Provided entries:
■ ■ ■
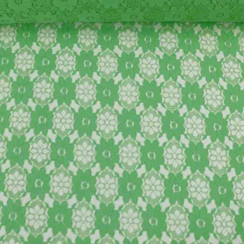 Renda com motivos florais em padrão bordado, ideal para confeccionar blusas, vestidos, etc.
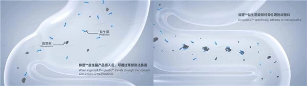 研派研发团队认为,当前最有效净化人体内环境、降低微塑料危害的方式,一是减少微塑料的摄入,二是在微塑料被吸收进人体之前加速其排出。以遵循自然的研发路线,研派独创“排塑”功效益生菌Droplastic™(即植物乳杆菌DT88),能通过特异性吸附包裹微塑料,减少微塑料和肠道粘膜接触,同时通过促进肠道蠕动,加速微塑料排出体外,双管齐下减少微塑料吸收进入人体内。
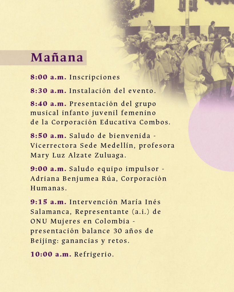 Medellín será la sede de un encuentro de feministas antioqueñas en un espacio convocado por organizaciones de mujeres para conmemorar y reconocer el trabajo realizado durante 30 años, desde la Conferencia Mundial de la Mujer realizada en Beijing del 4 al 15 de septiembre de 1995.
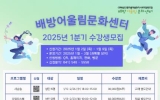 사회이슈 김정란 기자2025. 01.06[제일경제신문]아산시 배방어울림문화센터에서 ‘2025년 제1분기 프로그램’ 수강생을 모집한다. 모집 부분은 시낭송, 오일파스텔, 인물화 등 총 10개 과정으로 아산시민을 대상으로 9일까지 선착순 모집한다. 운영 기간은 1월부터 3월까지다. 수강신청 관련 문의는 배방어울림문화센터 전화(548-5558) 또는 포스터 QR코드로 가능하다.
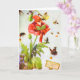 Ein bezaubernder Gnome schlängelt sich in eine große Mohnblüte inmitten von Bienen und anderen Käfern. Charmantes Bild.
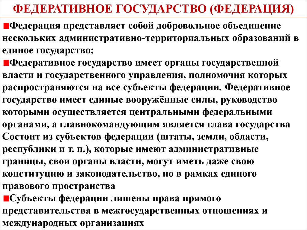 ФЕДЕРАТИВНОЕ ГОСУДАРСТВО (ФЕДЕРАЦИЯ)Федерация представляет собой добровольное объединение
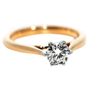 18ct Yellow & White Gold Engagement Ring containing a .72ct G, SI1 round cut Diamond in a six claw setting.
■ ■ ■
What the task asks: Your answer must be the lines above from the one holding "研派研发团队认为,当前最有效" up to and including the one holding "사회이슈 김정란 기자2025.", exact and with no pictures.

Reply:
 研派研发团队认为,当前最有效净化人体内环境、降低微塑料危害的方式,一是减少微塑料的摄入,二是在微塑料被吸收进人体之前加速其排出。以遵循自然的研发路线,研派独创“排塑”功效益生菌Droplastic™(即植物乳杆菌DT88),能通过特异性吸附包裹微塑料,减少微塑料和肠道粘膜接触,同时通过促进肠道蠕动,加速微塑料排出体外,双管齐下减少微塑料吸收进入人体内。
 Medellín será la sede de un encuentro de feministas antioqueñas en un espacio convocado por organizaciones de mujeres para conmemorar y reconocer el trabajo realizado durante 30 años, desde la Conferencia Mundial de la Mujer realizada en Beijing del 4 al 15 de septiembre de 1995.
 사회이슈 김정란 기자2025. 01.06[제일경제신문]아산시 배방어울림문화센터에서 ‘2025년 제1분기 프로그램’ 수강생을 모집한다. 모집 부분은 시낭송, 오일파스텔, 인물화 등 총 10개 과정으로 아산시민을 대상으로 9일까지 선착순 모집한다. 운영 기간은 1월부터 3월까지다. 수강신청 관련 문의는 배방어울림문화센터 전화(548-5558) 또는 포스터 QR코드로 가능하다.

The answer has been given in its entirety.